- _Dataset excerpt_:
+===+

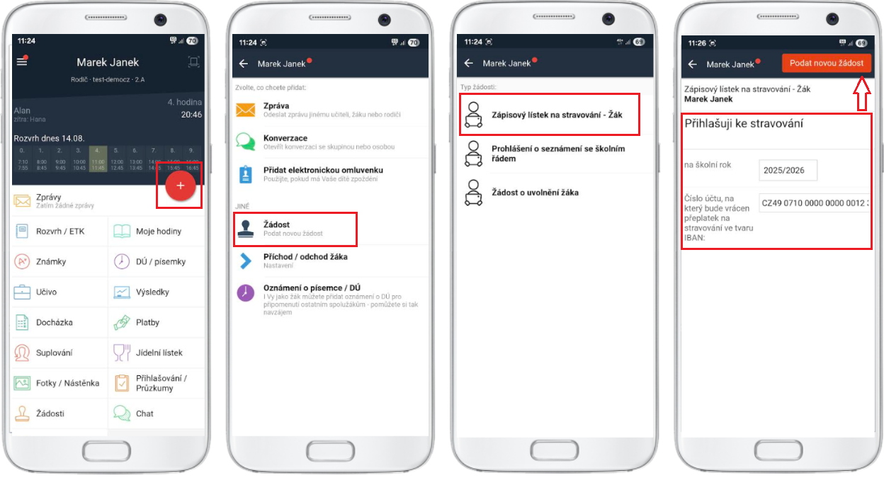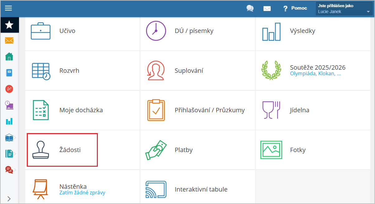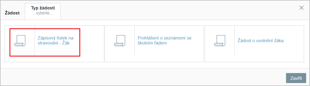 Kliknite na 'Žádost' a vyberte Zápisový lístek na stravování - ŽÁK.
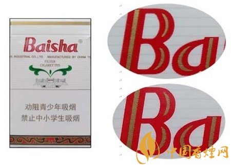 假冒卷煙:背面Baisha拼音字母膠印,紅色與白色交界位置無(wú)鋸齒痕跡。
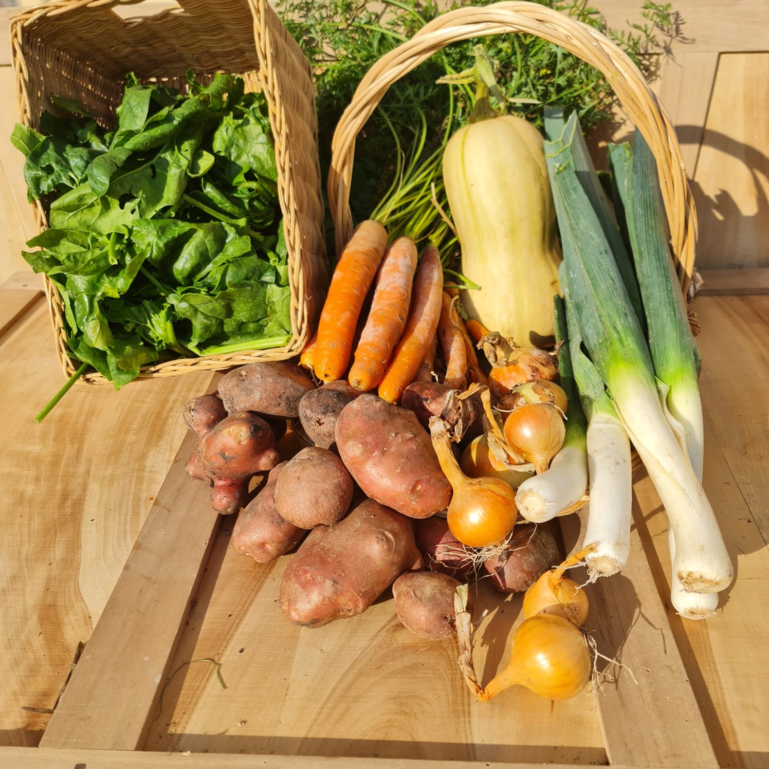 Nos paniers pèsent entre 6 et 8 kg et rassemblent un mélange de légumes de saison, cueillis à la main sur notre ferme des Jardins du Clos à La Chapelle Lasson (Marne) France.

+===+

- _Assignment_:
Every line above should be transcribed exactly, though no image should be carried over.

- _Answer space_:
 Kliknite na 'Žádost' a vyberte Zápisový lístek na stravování - ŽÁK.
 假冒卷煙:背面Baisha拼音字母膠印,紅色與白色交界位置無(wú)鋸齒痕跡。
 Nos paniers pèsent entre 6 et 8 kg et rassemblent un mélange de légumes de saison, cueillis à la main sur notre ferme des Jardins du Clos à La Chapelle Lasson (Marne) France.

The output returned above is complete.